Jakub Zelenka

Name of the Vulnerable Software and Affected Versions: PHP versions up to 8.1.31 PHP versions up to 8.2.27 PHP versions up to 8.3.18 PHP versions up to 8.4.4 php7.4 Description: The issue concerns the Streams HTTP Wrapper in PHP. Recommendations: For PHP versions up to 8.1.31, update to a version later than 8.1.31. For PHP versions up to 8.2.27, update to a version later than 8.2.27. For PHP versions up to 8.3.18, update to a version later than 8.3.18. For PHP versions up to 8.4.4, update to a version later than 8.4.4. For php7.4, consider upgrading to a newer version of PHP.

**Name of the Vulnerable Software and Affected Versions** PHP versions 8.1.* through 8.1.31 PHP versions 8.2.* through 8.2.27 PHP versions 8.3.* through 8.3.18 PHP versions 8.4.* through 8.4.4 **Description** The issue is related to the insufficient validation of end-of-line characters in user-supplied headers, which may prevent certain headers from being sent or lead to certain headers being misinterpreted. This can potentially impact the result and lead to denial of service or unexpected issues. The `check has header()` function is specifically mentioned as being related to this issue, where the lack of verification of `r` could lead to misbehavior if only ` ` is used in the header value. **Recommendations** Update to PHP version 8.1.32 or later for versions 8.1.* Update to PHP version 8.2.28 or later for versions 8.2.* Update to PHP version 8.3.19 or later for versions 8.3.* Update to PHP version 8.4.5 or later for versions 8.4.* As a temporary workaround, consider disabling the `check has header()` function until a patch is available. Restrict access to user-supplied headers to minimize the risk of exploitation. Avoid using the `Cookie` header with user-input values until the issue is resolved.
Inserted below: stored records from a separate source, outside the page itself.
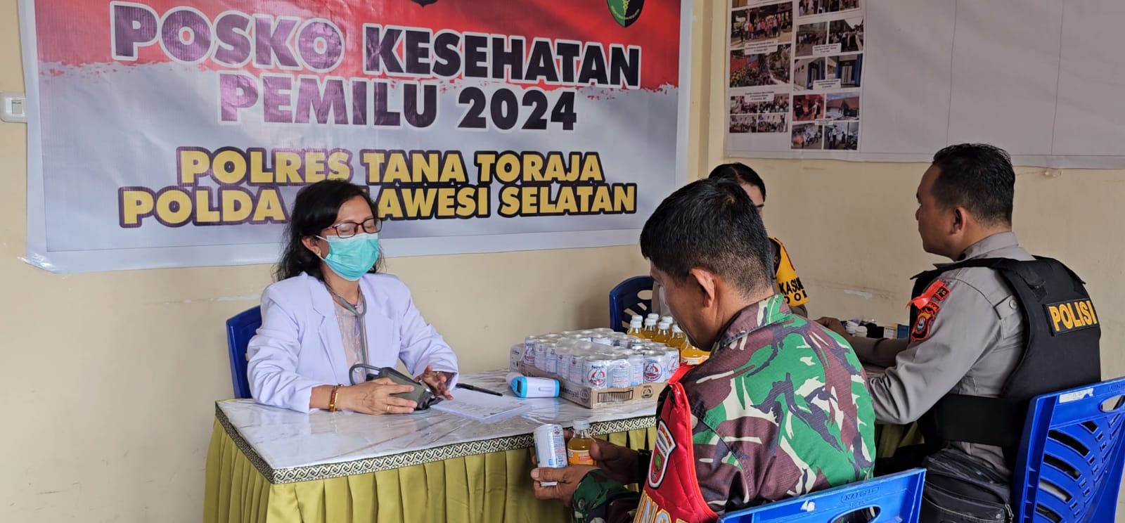 Menurut Kapolres Tana Toraja AKBP Malpa Malacoppo, bahwa untuk menjaga kesehatan personil yang telah melaksanakan pengamanan TPS baik dari petugas TNI – Polri termasuk petugas TPS, KPU dan Bawaslu, kembali menyediakan Posko layanan kesehatan di setiap PPK Kantor Kecamatan Kabupaten Tana Toraja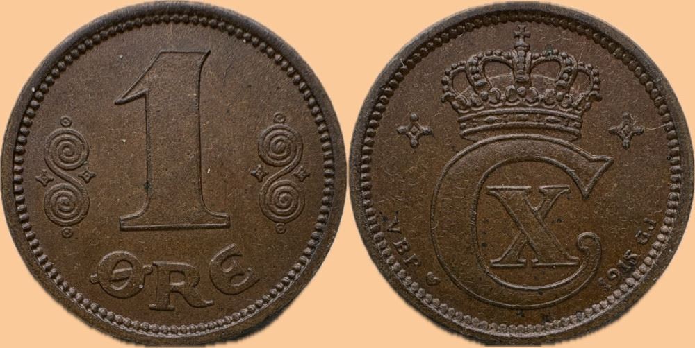 1 øre 1915 i kv. 01- meget velpræget eksemplar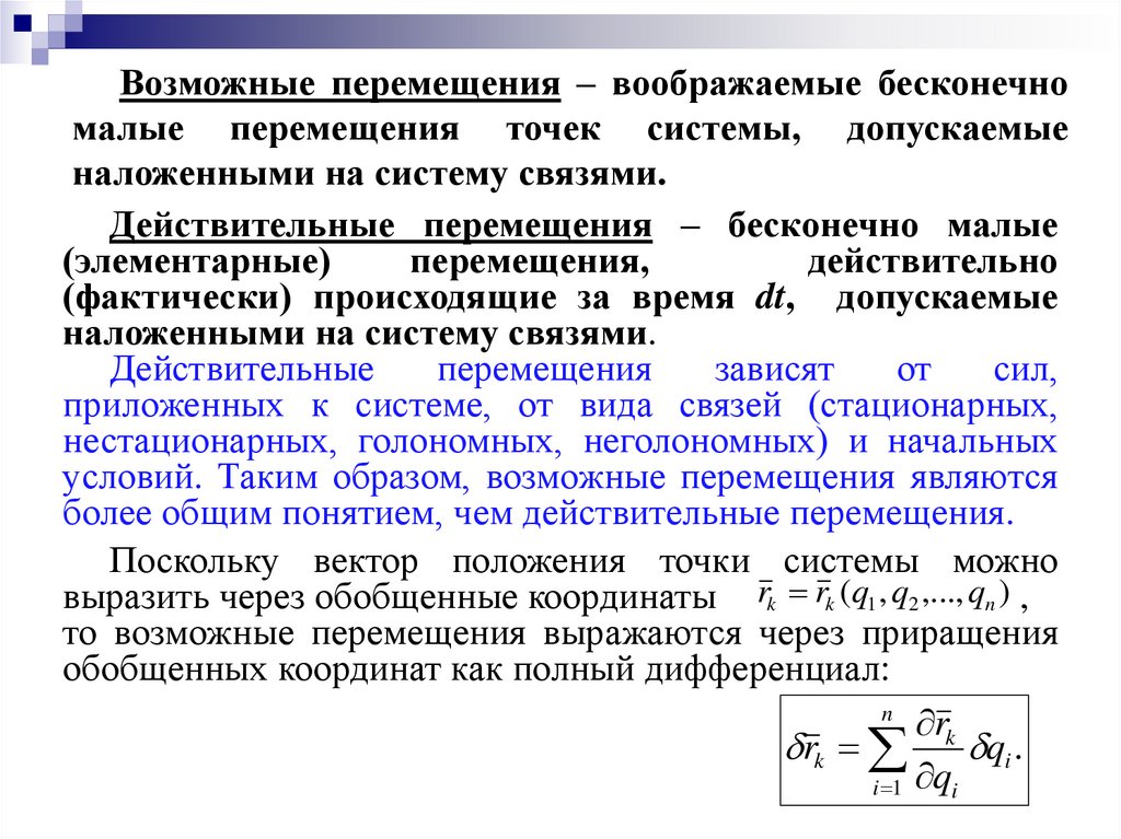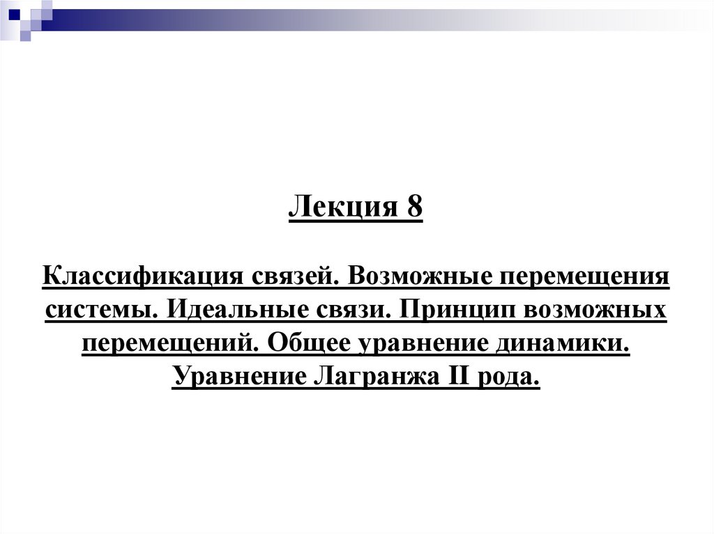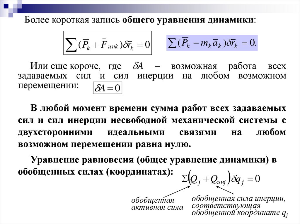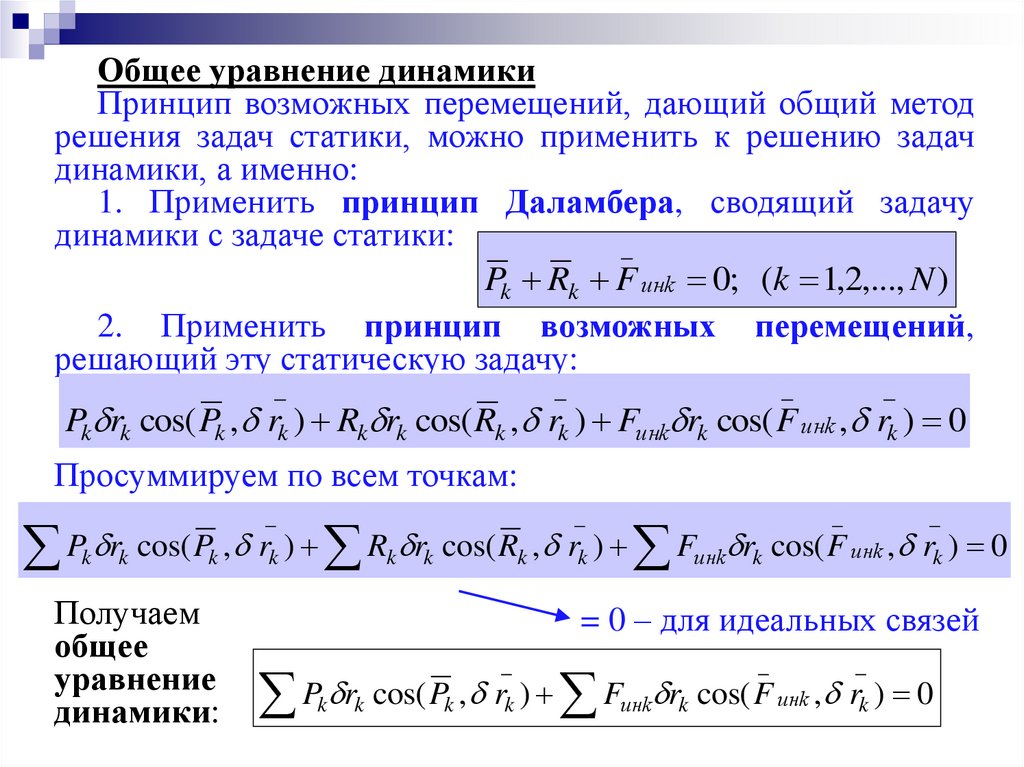 Общее уравнение динамикиПринцип возможных перемещений, дающий общий метод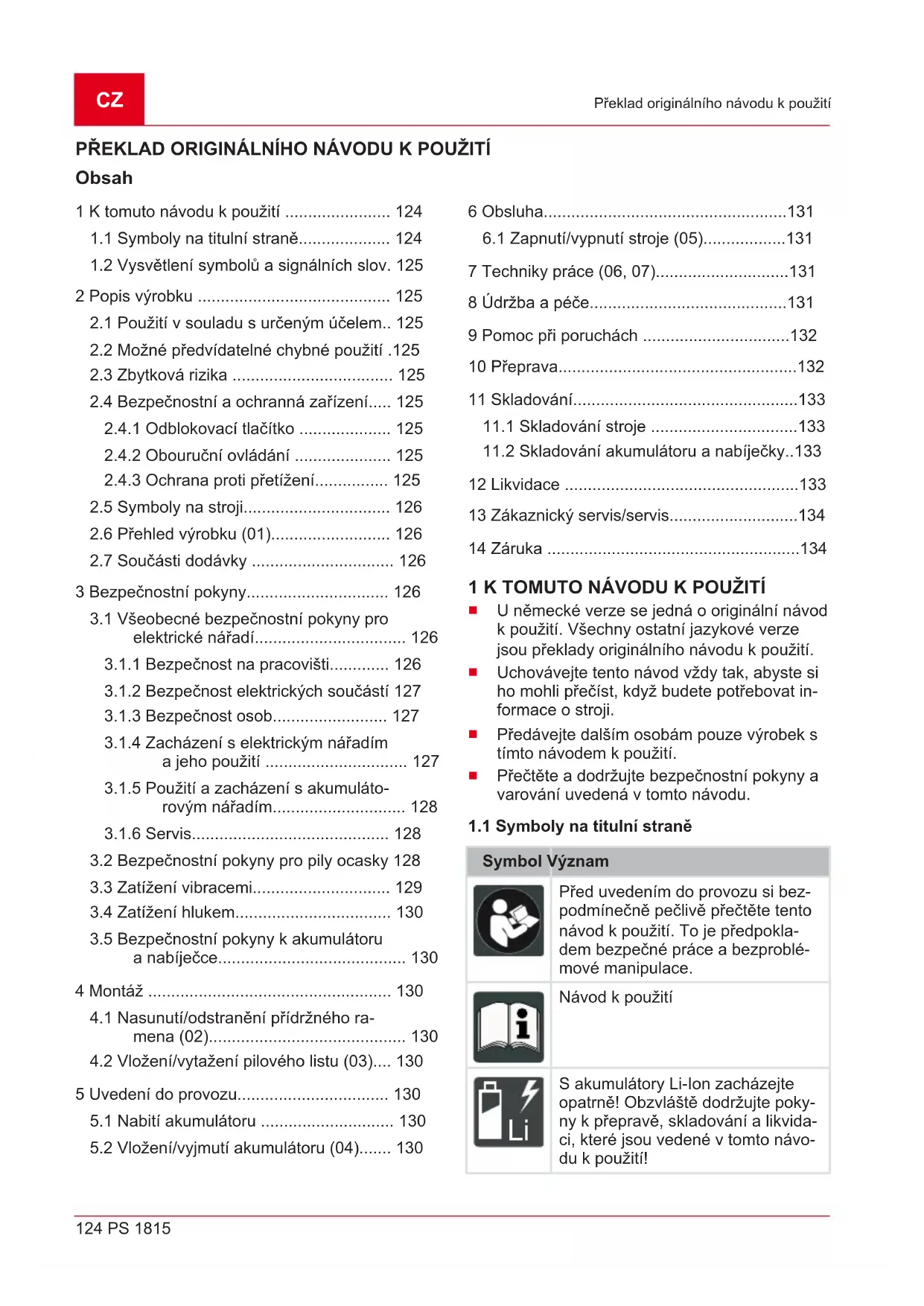Stroj je vybaven ochranou proti přetížení, která ho při přetížení vypne (např. u sevřeného pilové- ho listu). Po krátkém ochlazení je možné stroj opět za- pnout.CZ 126 PS 1815 Bezpečnostní pokyny
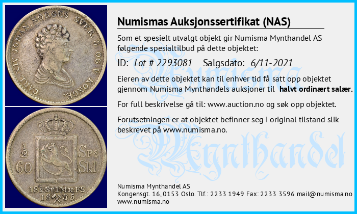 Numismas Auksjonssertifikat (NAS) gis til mynter vi mener utmerker seg. Objekter med et slikt sertifikat er særlig verdifulle, sjeldne eller av spesiell interesse for samlere. Numisma Mynthandel AS utsteder sertifikatet på selvstendig basis. Det gir deg som eier av mynten en ekstra trygghet, og en garanti dersom du velger å videreselge mynten. Vi lar sertifikatet følge mynten. På denne siden finner du en oversikt over alle objekter med auksjonssertifikat. Her kan du sjekke opplysningene om mynten og skrive ut din egen kopi av sertifikatet. Full beskrivelse av objekter finner du på: https://www.auction.no/no/old.php.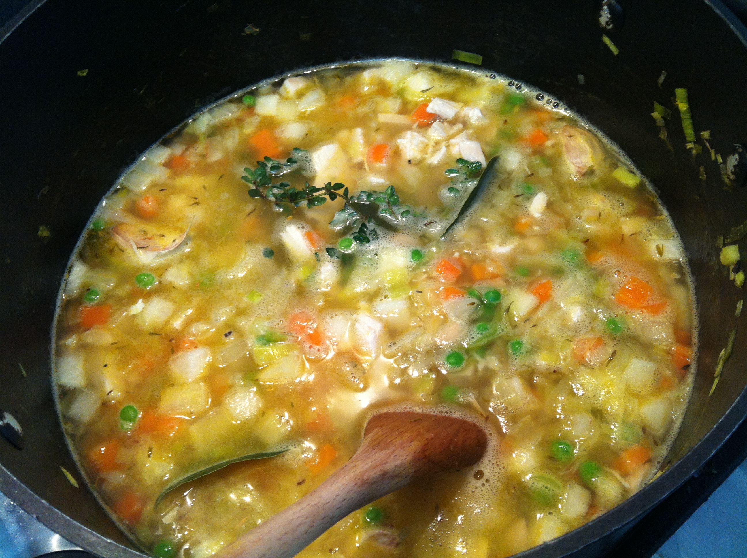 When the vegetables are softened, add the chicken if you are using it and the stock before topping up with water as needed. Season well with salt and pepper and cover to simmer until the vegetables are cooked.

## Vulnerability Report **Name of the Vulnerable Software and Affected Versions** PHP versions 8.1.0 through 8.1.31 PHP versions 8.2.0 through 8.2.27 PHP versions 8.3.0 through 8.3.18 PHP versions 8.4.0 through 8.4.4 PHP 7.4 (Debian) **Description** PHP is an HTML-embedded scripting language commonly used with the Apache HTTP Server. A vulnerability exists in PHP due to a limited location buffer size when parsing HTTP redirects. This can lead to incorrect URL truncation and redirection to a wrong location. **Recommendations** PHP versions 8.1.0 through 8.1.31: Upgrade to version 8.1.32 or later. PHP versions 8.2.0 through 8.2.27: Upgrade to version 8.2.28 or later. PHP versions 8.3.0 through 8.3.18: Upgrade to version 8.3.19 or later. PHP versions 8.4.0 through 8.4.4: Upgrade to version 8.4.5 or later. PHP 7.4 (Debian): Upgrade to a newer version.